Что-то в этом вопросе насторожило Тейт.
— Больше, чем с кем-либо другим, не считая Класа и Нилы. А в чем дело?
— Столько же, сколько ты проводишь с Джонсом?..
Доннаси снова подняла клинок к его животу.
— Лучше объясни мне сразу, что ты имеешь в виду.
Билстен вздохнул:
— Другие торговцы слышали, будто Джонс связан с этой новой религией. Очень сильно связан.
— Это глупо. Он ведь… Впрочем, не важно. Послушай, оставь его в покое. Он все еще болен. И что ты вообще знаешь?! Ты принес все свои веселенькие вести, почему бы теперь тебе не убраться подобру-поздорову, пока еще не поздно?
Торговец поднялся. Тейт двинулась за ним, держа клинок наготове. Осторожно подняв руку в салюте, он обошел ее и направился к Горам Дьявола. Она как раз поворачивалась, когда услышала тяжелый глухой звук. Затаив дыхание, Доннаси напряглась, пытаясь услышать что-нибудь еще. Дважды за эту ночь она чувствовала угрозу, и на этот раз тревога грозила перейти в панику. Она неохотно двинулась вперед. Пара напряженных шагов, и ей удалось убедить себя, что все это — шутки разыгравшегося воображения. Пять ярдов, подумала Тейт; я должна пройти еще пять ярдов.
Она споткнулась и упала, чуть не закричав, но успев нанести удар мечом в сторону еще до того, как коснулась земли. Перекатившись, Тейт приняла низкую оборонительную стойку.
Ничего. Тишина. Даже ветер стих. Обо что она споткнулась? Тейт отступила назад, вытянув руку перед собой. Наткнулась на что-то пушистое. Мокрое. Она отскочила, вытирая руку о дорожную грязь. Что-то внизу застонало, и Доннаси выхватила клинок на случай атаки.
— Кто-то решил устроить мне несчастный случай, — придушенный шепот Билстена, казалось, исходил из-под земли. — Мне кажется, что моя голова полностью разбита. Сзади. Это ведь не ты сделала?
— Нет! Я на тебя наткнулась!
Он снова пошевелился, и его вырвало. Наконец торговец проговорил:
— Ну, ладно. Ты меня нашла. Если ты не собираешься меня прикончить, то тебе придется помочь мне убраться отсюда подальше.

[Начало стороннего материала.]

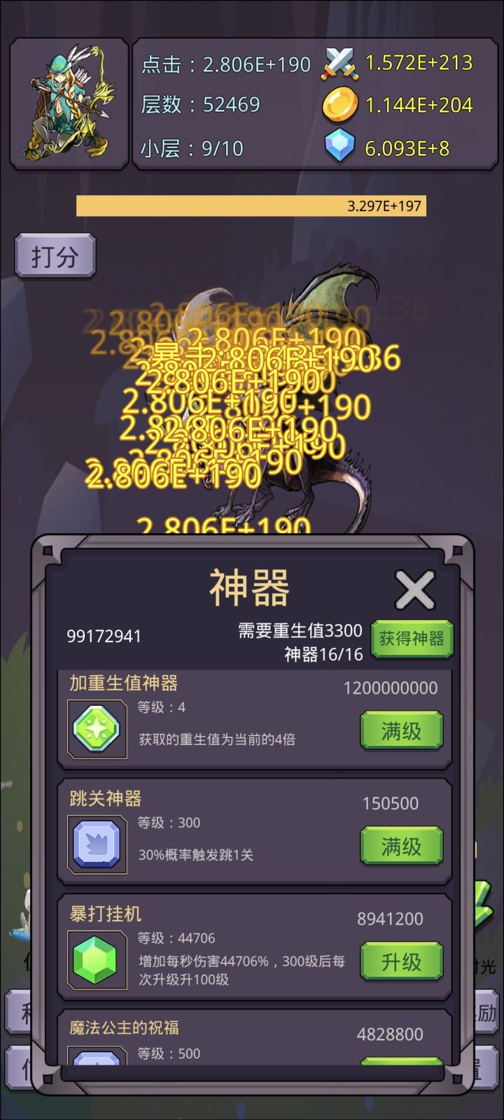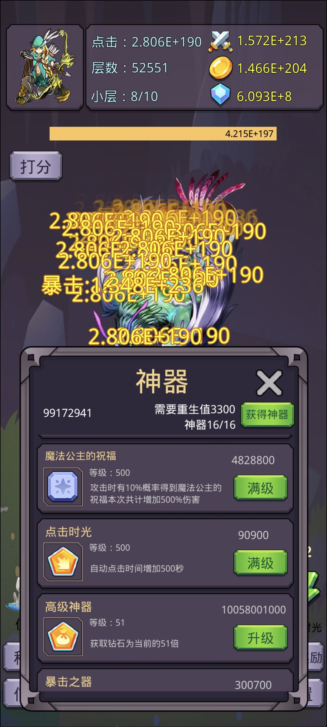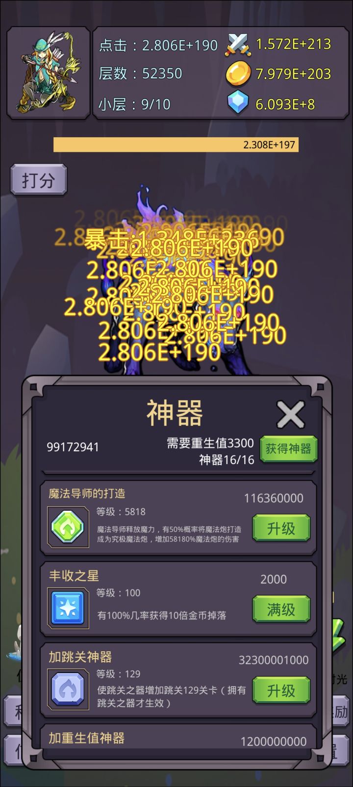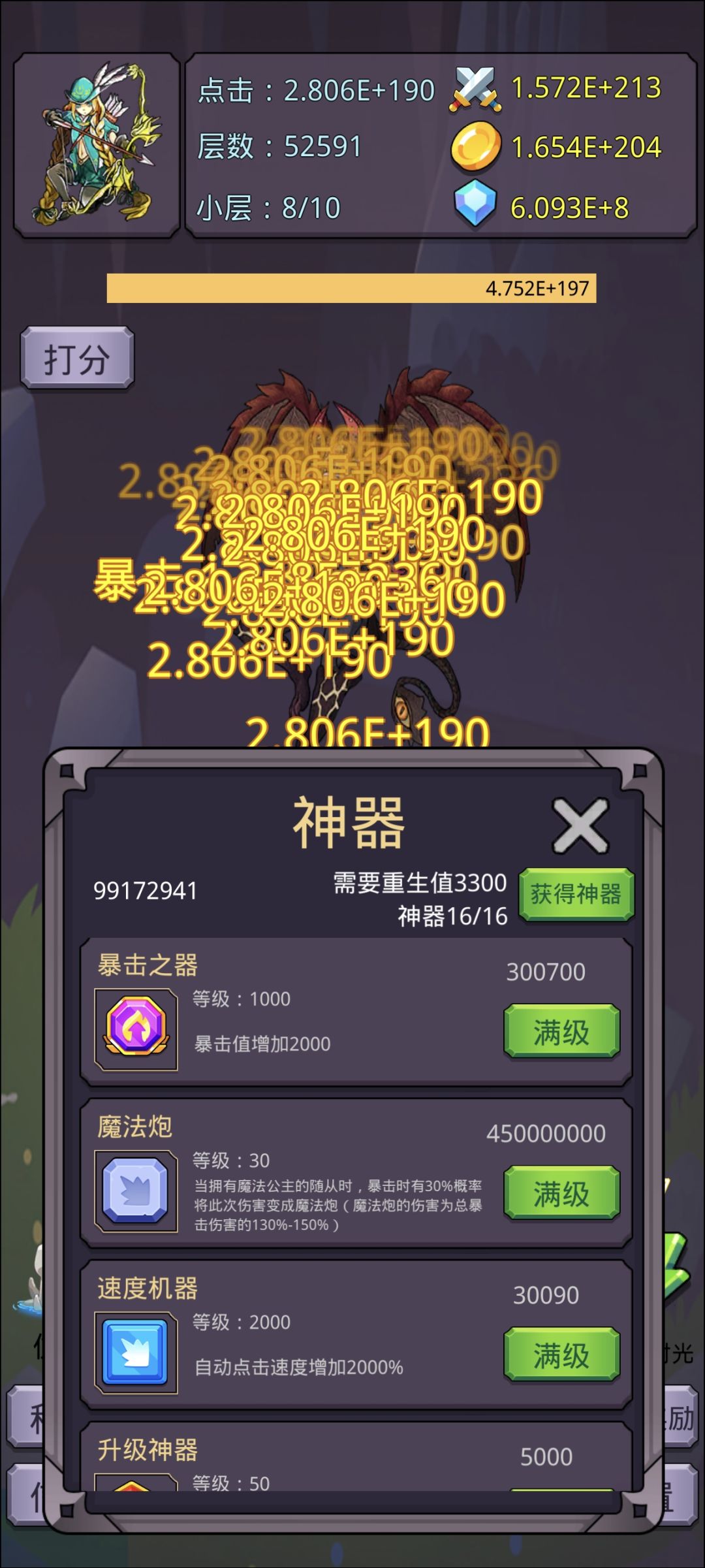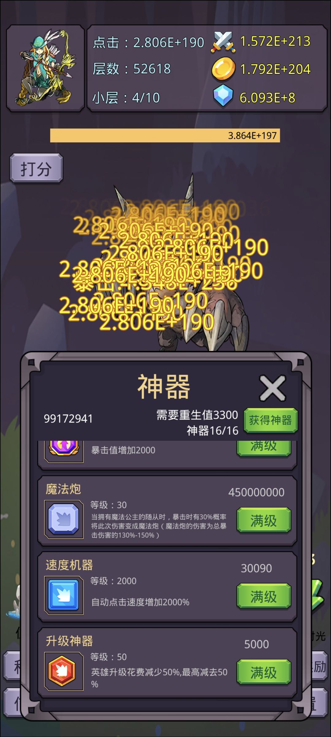 22.破界者之锤:成倍增加点击神器的伤害,满级150级
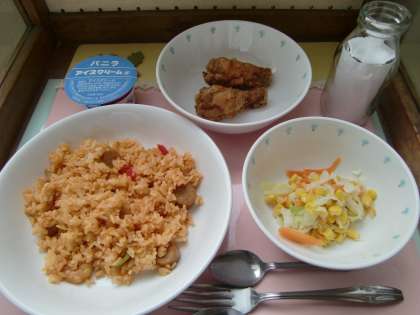 今日はアメリカ料理の日です。アメリカは、たくさんの国の移民とアメリカ先住民の食文化が混ざり合いながら発達してきました。ハンバーガーやチキンなど手軽に食べられる料理は、高カロリーなものが多く、肥満が大きな問題になっています。毎日の食事としてはおすすめできませんが、今日は外国料理にふれる機会として楽しんでください。
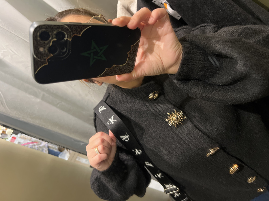 An individual is depicted taking a mirror selfie inside an establishment in Mondeville, France. The person, mostly obscured by their smartphone, wears a dark, possibly charcoal-grey or black, chunky knit cardigan or jacket featuring large, ornate golden buttons down the front. A prominent golden, sunburst-shaped brooch is affixed to the left chest area of the garment. A black strap with repeated white "CK" logos, indicative of a Calvin Klein item, is visible diagonally across the person's torso. On the left hand, a multi-band gold-toned ring is worn on the ring finger. The individual holds a dark-colored smartphone, likely an iPhone, with their right hand, covering most of their face. The phone case is black, adorned with a central green five-pointed star and intricate gold-colored decorative patterns resembling a book cover along its edges and around the camera module. Parts of thin, gold-rimmed glasses are visible on the person's face behind the phone. The background is out of focus, showing reflections in what appears to be a mirror, with indistinct shapes suggesting shelves, racks, or other retail environment elements.
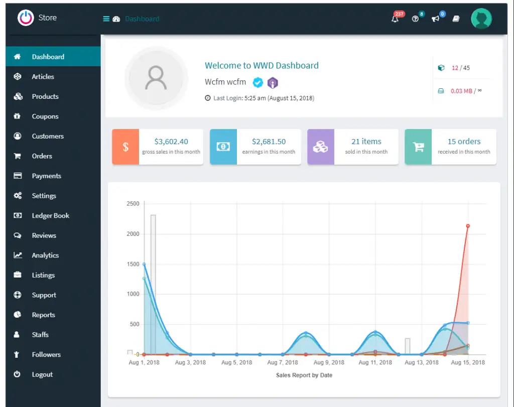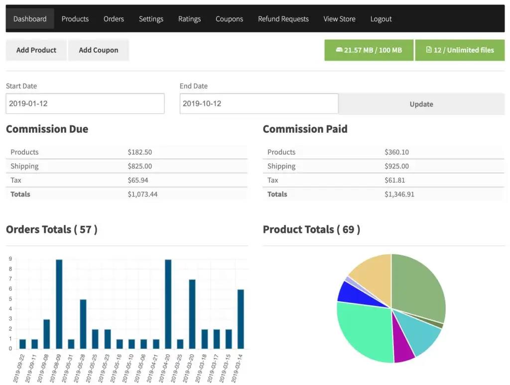عوضًا عن ذلك فهي تستخدم لوحة تحكم ووردبريس لمنح البائعين القدرة على إدارة متاجرهم وإضافة المنتجات وقراءة تقارير المبيعات وغيرها من المزايا. مع أنها توفر تقريبًا نفس المزايا التي تتيحها إضافات Dokan و WCFM إلا أنها تتخلف عنهم بوضوح عندما يتعلق الأمر بسهولة الاستخدام وأناقة تصميم الواجهات.
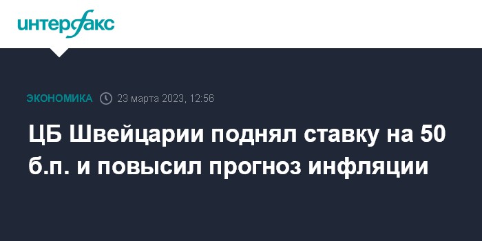 Москва. 23 марта. INTERFAX.RU - Швейцарский национальный банк (SNB, центробанк страны) в четверг повысил базовую ставку на 50 базисных пунктов - до 1,5% годовых, говорится в сообщении регулятора.

Подойдя, Тейт подхватила его под руки, пытаясь поднять.
— Ты должен будешь помогать мне, — произнесла она и тут почувствовала, что он потерял сознание.
Возненавидев его и весь белый свет, Доннаси потащила тело, ожидая, что нападавший вернется за ними обоими. Казалось, прошли часы, пока она сумела достаточно углубиться в деревню и вокруг собрались люди, чтобы можно было позвать на помощь. Усевшись рядом с бесчувственным торговцем, она срывала голос в крике, пытаясь побороть слезы гнева и страха, а вместе с ними и возвращающееся чувство отчужденности, с которого началось все это проклятое, проклятое, проклятое происшествие!..
* * *
Настоятельница Ирисов организовала для чужеземцев специальную прогулку. Все поднялись рано утром, и она видела, как они поскакали прочь от дворца, радуясь, как дети, вырвавшиеся из тесного дома на волю. На что же должна быть похожа их страна, думала настоятельница, если все, и мужчины и женщины, свободно обмениваются шутками, и каждый одинаково учтив и внимателен по отношению к другому. На самом деле она была уверена, что мужчины иногда даже потакают женщинам. Она потратила немало времени, чтобы понять это, но теперь была совершенно уверена. И это еще больше сбивало с толку.
Ей почти ничего не удалось узнать об их происхождении. Если настоятельница знакомилась с кем-то, она хотела бы знать о нем все. Однако эти люди решительно отвергали любые попытки разузнать что-либо об их прошлом. Все это не радовало ее, особенно учитывая их познания. Тот маленький мужчина, Леклерк, уже продемонстрировал каменщикам, как построить более мощные и надежные подъемники. А Конвей, кроме всего прочего, убедил Алтанара учредить программу дорожных работ, финансируемую на подати. Теперь товары и материалы намного быстрее перемещались по королевству. И Алтанар был уверен, что чужеземцы знают намного больше, чем хотят показать.
Настоятельница Ирисов надеялась, что они смогут поддерживать его заинтересованность. Более того, она надеялась, что сможет выведать у них все до того, как Алтанар прикажет их казнить.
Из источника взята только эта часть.